I was not able to partake of the sacrament this Sunday, because we had Stake Conference. The nine wards in our stake met in meetings on Saturday and Sunday to hear from local leaders. My spirit was enlightened even more through the talk of our stake president, President Stephen B. Packer. He spoke on Saturday night about altars. Altars were used for blood sacrifices of animals from the time of Adam to the death of Jesus Christ as a symbol of the sacrifice of Jesus Christ. I knew this and I also knew that we now offer a broken heart and a contrite spirit instead of animal sacrifice, and I knew that the sacrament was a symbol of Christ’s sacrifice, the bread for his body and the water for his blood. The deeper understanding came when President Packer reminded us that during this past year when we could not attend church because of the COVID-19 pandemic, we were authorized to have the sacrament in our homes. I remember the first time we had the sacrament in our home after a few weeks of not partaking of the sacrament. At the time we had five young adults plus me, my husband, and my youngest son in our home. Four were men who hold the priesthood and were able to prepare, bless, and pass the sacrament to all of us. I cleaned off our granite countertop in the middle of our kitchen and found two silver serving trays and a white table cloth. My husband and my son, who had recently been ordained to the office of a teacher, spread the white table cloth and prepared bread and water. Then my son-in-law and nephew-in-law broke the bread and blessed the sacrament. I felt so much gratitude for the ordinance of the sacrament, and that I was able to partake of the sacrament in my home. President Packer reminded us that we had prepared an altar within our own homes and that we offer a real personal sacrifice. During the sacrament we put the animal in us on the altar and let it be consumed. Then President Packer asked us to consider what is most sacred to us and what we need to sacrifice.

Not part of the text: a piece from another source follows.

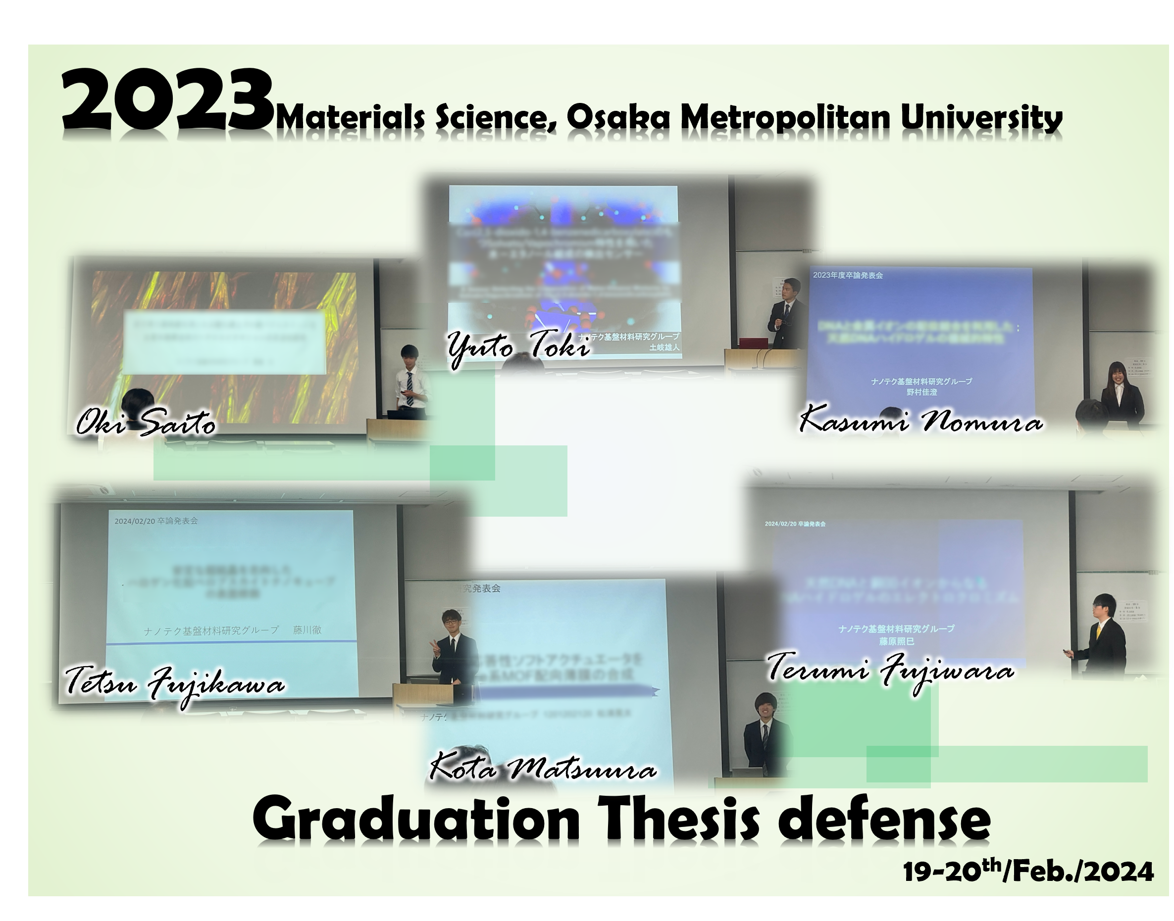 2024年2月19-20日にマテリアル工学分野の卒業論文発表会が行われました。 当研究グループから6名の学生(B4 齋藤大くん、土岐雄人くん、野村佳澄さん、藤川徹くん、藤原照巳くん、松浦晃太くん)が自身のテーマについて研究成果をプレゼンしました。

Today I was taught even more about sacrifice. During our morning session of Stake Conference, Elder Kenneth J. Firmage, a member of the Seventy, asked us to consider what we would sacrifice to be endowed with power. He asked us to plead with the Lord in prayer about how we spend our time, and then to invest in our future and that of our family by sacrificing to attend the temple. He promised that the Lord would bring the miracles we need to receive as we sacrifice.

I have some pondering and pleading to do to figure out what the Lord will accept as an offering in righteousness from me. I am grateful that I was prepared with a question to receive greater light and knowledge this week about the sacrament and sacrifice. I know that by keeping my covenants, I am given the opportunities the Lord knows I need to grow and increase.